## Records for processing:

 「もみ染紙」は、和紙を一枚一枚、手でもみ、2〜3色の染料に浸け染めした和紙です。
...
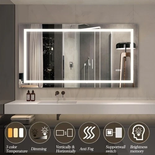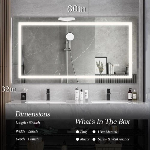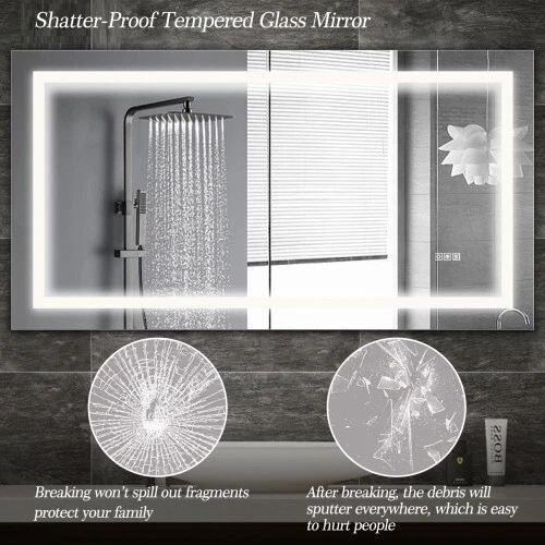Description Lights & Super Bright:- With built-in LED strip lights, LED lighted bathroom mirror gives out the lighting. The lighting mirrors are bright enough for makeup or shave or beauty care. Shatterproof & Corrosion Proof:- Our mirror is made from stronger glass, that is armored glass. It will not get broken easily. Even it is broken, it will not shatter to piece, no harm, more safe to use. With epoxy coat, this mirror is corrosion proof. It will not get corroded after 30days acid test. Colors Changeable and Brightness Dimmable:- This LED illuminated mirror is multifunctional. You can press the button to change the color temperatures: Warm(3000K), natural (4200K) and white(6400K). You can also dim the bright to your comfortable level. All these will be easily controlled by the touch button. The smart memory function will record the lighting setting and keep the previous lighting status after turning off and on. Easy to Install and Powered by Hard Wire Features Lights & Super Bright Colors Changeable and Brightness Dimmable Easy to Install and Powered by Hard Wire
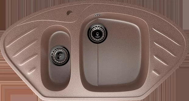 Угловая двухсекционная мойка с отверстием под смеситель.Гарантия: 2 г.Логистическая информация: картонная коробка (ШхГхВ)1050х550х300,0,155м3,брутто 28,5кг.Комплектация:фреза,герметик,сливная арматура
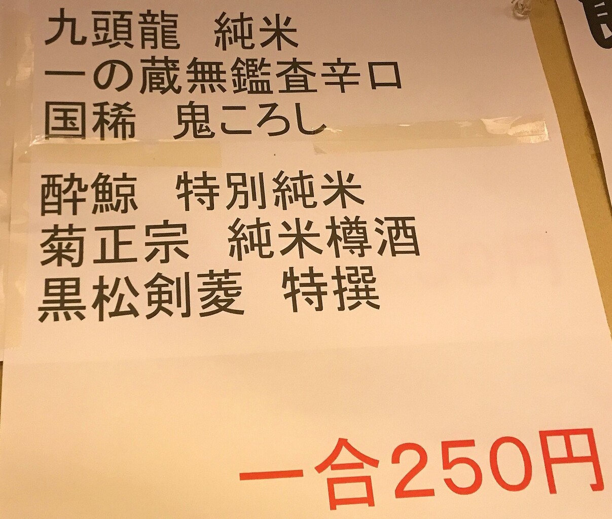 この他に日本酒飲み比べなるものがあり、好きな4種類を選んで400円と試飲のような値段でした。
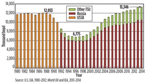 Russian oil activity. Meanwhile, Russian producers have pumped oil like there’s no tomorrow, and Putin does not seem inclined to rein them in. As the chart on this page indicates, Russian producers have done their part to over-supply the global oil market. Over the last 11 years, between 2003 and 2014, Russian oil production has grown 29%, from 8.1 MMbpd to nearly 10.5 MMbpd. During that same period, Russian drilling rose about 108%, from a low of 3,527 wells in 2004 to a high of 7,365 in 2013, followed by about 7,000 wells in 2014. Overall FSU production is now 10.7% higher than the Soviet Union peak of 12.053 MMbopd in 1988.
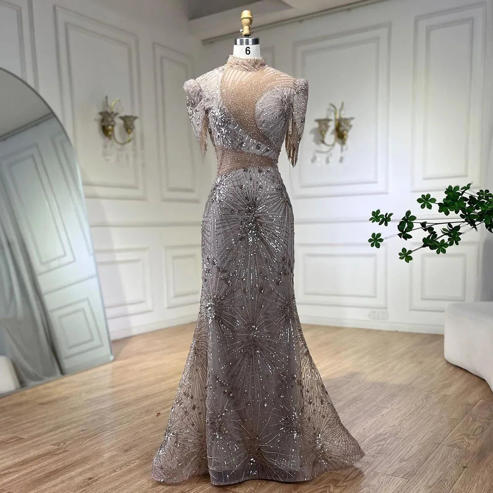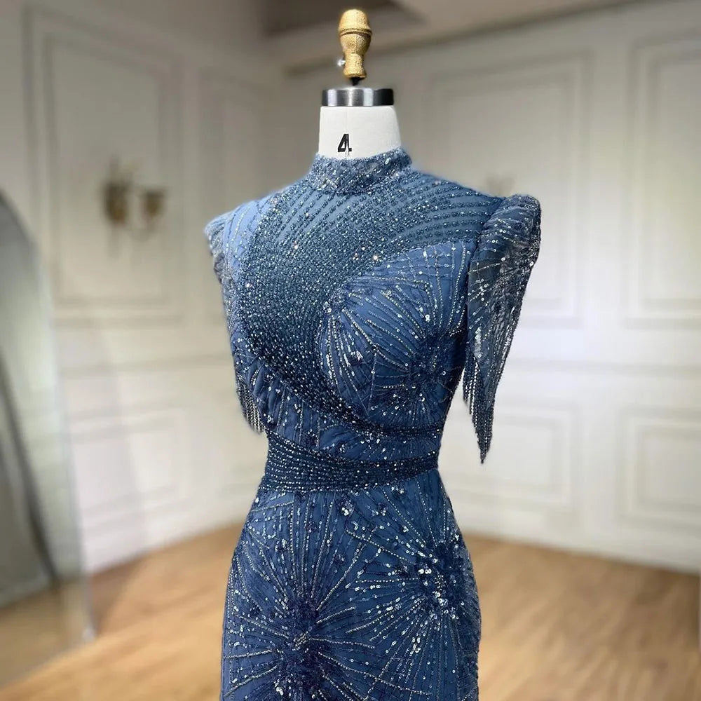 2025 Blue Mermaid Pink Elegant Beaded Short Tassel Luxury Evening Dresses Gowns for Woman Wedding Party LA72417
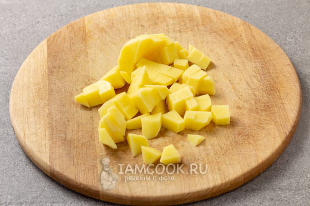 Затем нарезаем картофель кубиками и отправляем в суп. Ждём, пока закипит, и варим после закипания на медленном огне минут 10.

## Exercise aim:
Above are the records; restate exactly the lines from the one containing "2025 Blue Mermaid" through the one containing "Затем нарезаем картофель", keeping pictures out.

## Written answer:
 2025 Blue Mermaid Pink Elegant Beaded Short Tassel Luxury Evening Dresses Gowns for Woman Wedding Party LA72417
 Затем нарезаем картофель кубиками и отправляем в суп. Ждём, пока закипит, и варим после закипания на медленном огне минут 10.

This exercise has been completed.